REPUBLIKA.CO.ID, JAKARTA -- Anggota Komisi XI DPR Hendrawan Supratikno mengakui, RUU Pengampunan Pajak (tax amnesty) kerap mengundang polemik publik.
Sebab, negara alih-alih tegas malah mengampuni para pengemplang pajak yang mayoritas konglomerat. Hal itu dengan dalih menarik dana WNI di luar negeri ke Tanah Air.
"Memang pengampunan pajak di satu sisi memiliki dimensi ketidakadilan. Karena, untuk pembayar pajak yang setia, tidak ada insentif. Sementara, untuk yang tidak setia, salah, atau secara sengaja tidak jujur kok malah diberi insentif," kata Hendrawan Supratikno sesaat sebelum memasuki ruang rapat paripurna DPR RI, Jakarta, Selasa (8/12) malam.

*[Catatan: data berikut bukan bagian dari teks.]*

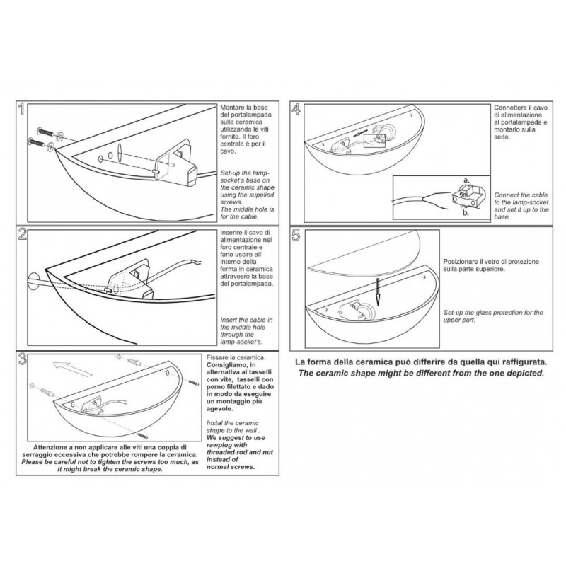 - Lampadine: 2 x E27 Led – Fluo – Alogena (non incluse)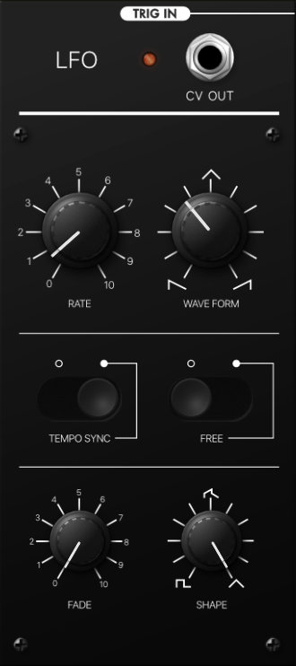 Controls for rate, adjustable slope/pulsewidth, tempo sync, one shot or free and fade in.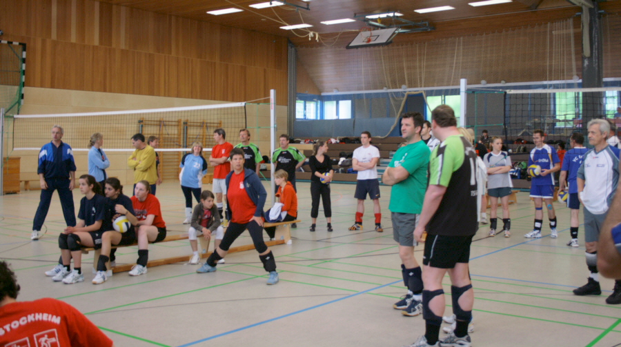 | Die Vorbereitung des Turniers war schon mal sehr spannend. Es wurde uns mitgeteilt, dass die Tribünen defekt und nicht ausfahrbar seien. Das wirft unsere bewährte Organisation ziemlich um. Müssen wir das Turnier gar ausfallen lassen? Jedenfalls planen wir den Spielbetrieb nur mit zwei Feldern, damit notfalls ein drittes als "Lagerfläche" für die Zuschauer bleibt. Dann dürfen wir auf eigenes Risiko immerhin eine Tribüne ausfahren, gewinnen so doch den Zugang nach oben und alles kann im bewährten Ablauf stattfinden. | |||||||||||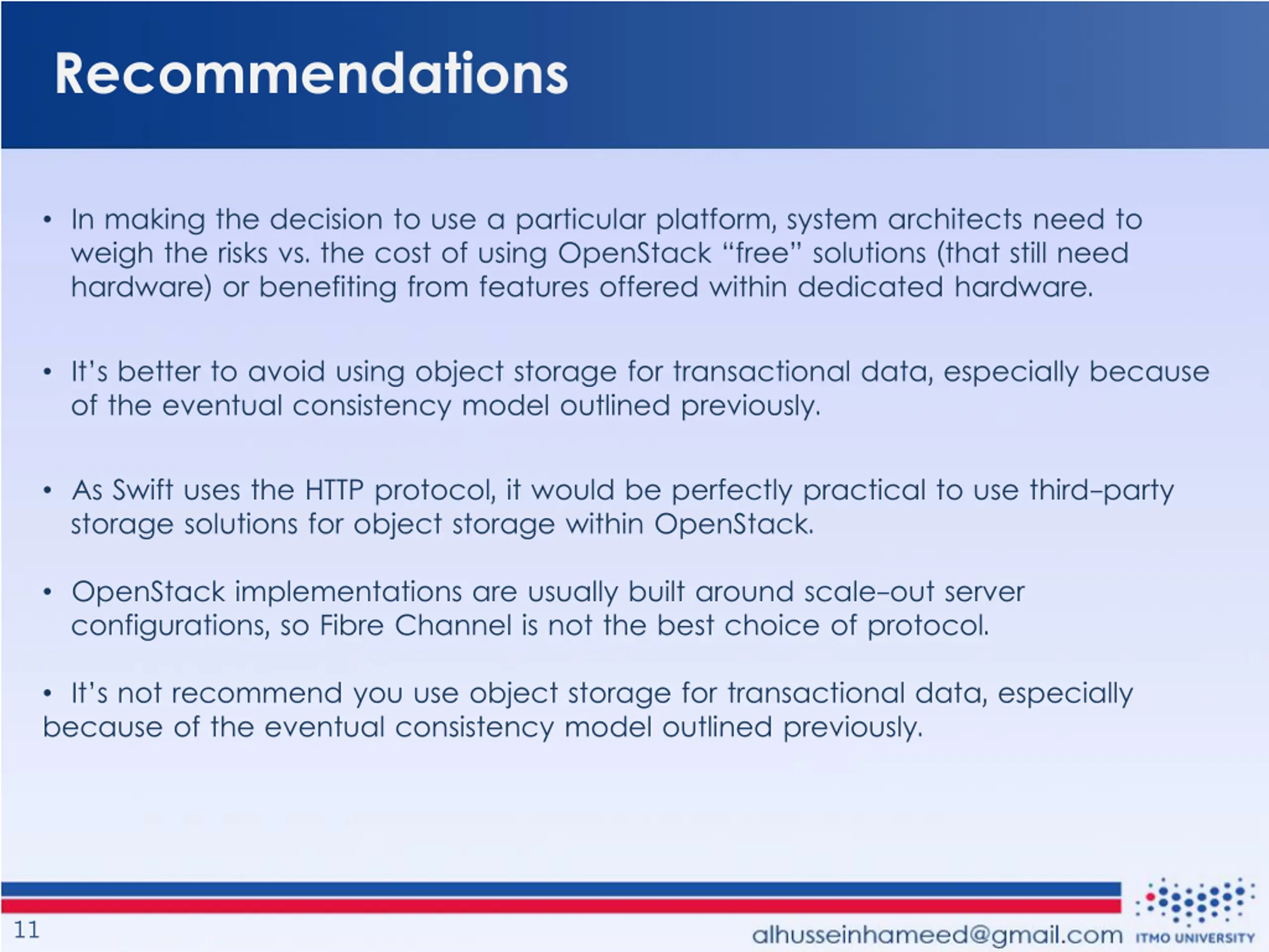 Recommendations In making the decision to use a particular platform, system architects need to weigh the risks vs. the cost of using OpenStack free solutions (that still need hardware) or benefiting from features offered within dedicated hardware. It s better to avoid using object storage for transactional data, especially because of the eventual consistency model outlined previously. As Swift uses the HTTP protocol, it would be perfectly practical to use third-party storage solutions for object storage within OpenStack. OpenStack implementations are usually built around scale-out server configurations, so Fibre Channel is not the best choice of protocol. It s not recommend you use object storage for transactional data, especially because of the eventual consistency model outlined previously. 11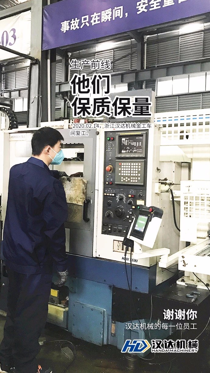 依據(jù)批復(fù)文件,浙江漢達(dá)機(jī)械于2月14日開(kāi)始逐步復(fù)工,分批次上班。各員工先在家自我測(cè)量體溫,低于37.2度的返回公司,溫度自查合格員工戴口罩到公司后,依次測(cè)量體溫,領(lǐng)口罩,填寫承諾書領(lǐng)取健康證后上崗。

Malam ini, rapat paripurna DPR RI digelar. Agenda yang akan dipenuhi, yakni mengesahkan RUU Pengampunan Pajak dan revisi UU KPK masuk ke dalam Prolegnas Prioritas 2015.
Politikus PDIP itu menjelaskan, tax amnesty memiliki tujuan jangka panjang yang hanya bisa dicapai bila Ditjen Pajak berbenah diri.
"Karena, kalau tidak, orang yang sudah berusaha jujur nanti jadi maling lagi," kata dia.
Dia pun mengakui, target pajak tahun ini spektakuler. Karena itu, menurut dia, tax amnesty merupakan salah satu solusi, di samping alternatif menambah jumlah utang luar negeri.
Menurut Hendrawan, potensi penerimaan negara dari tax amnesty bisa mencapai Rp 100 triliun. Dia pun memastikan, kebijakan ini tak berarti mengampuni koruptor. Kendati demikian, dia mengakui, dana hasil korupsi yang ditanam di luar negeri sangat besar.
Karenanya, kata dia, ada yang menukas kebijakan ini tak akan efektif bila tidak menyertakan pengampunan terhadap koruptor kelas kakap.
"Kalau menurut perhitungan di atas kertas, itu antara Rp 70 triliun sampai Rp 100 triliun," ucap dia.
Namun, rapat paripurna malam ini mesti ditunda hingga Kamis (10/12) karena tidak memenuhi kuorum. Dari total jumlah anggota DPR, yang menandatangani presensi rapat paripurna ini hanya 144 orang, hingga bel rapat berbunyi pada pukul 20.00 WIB.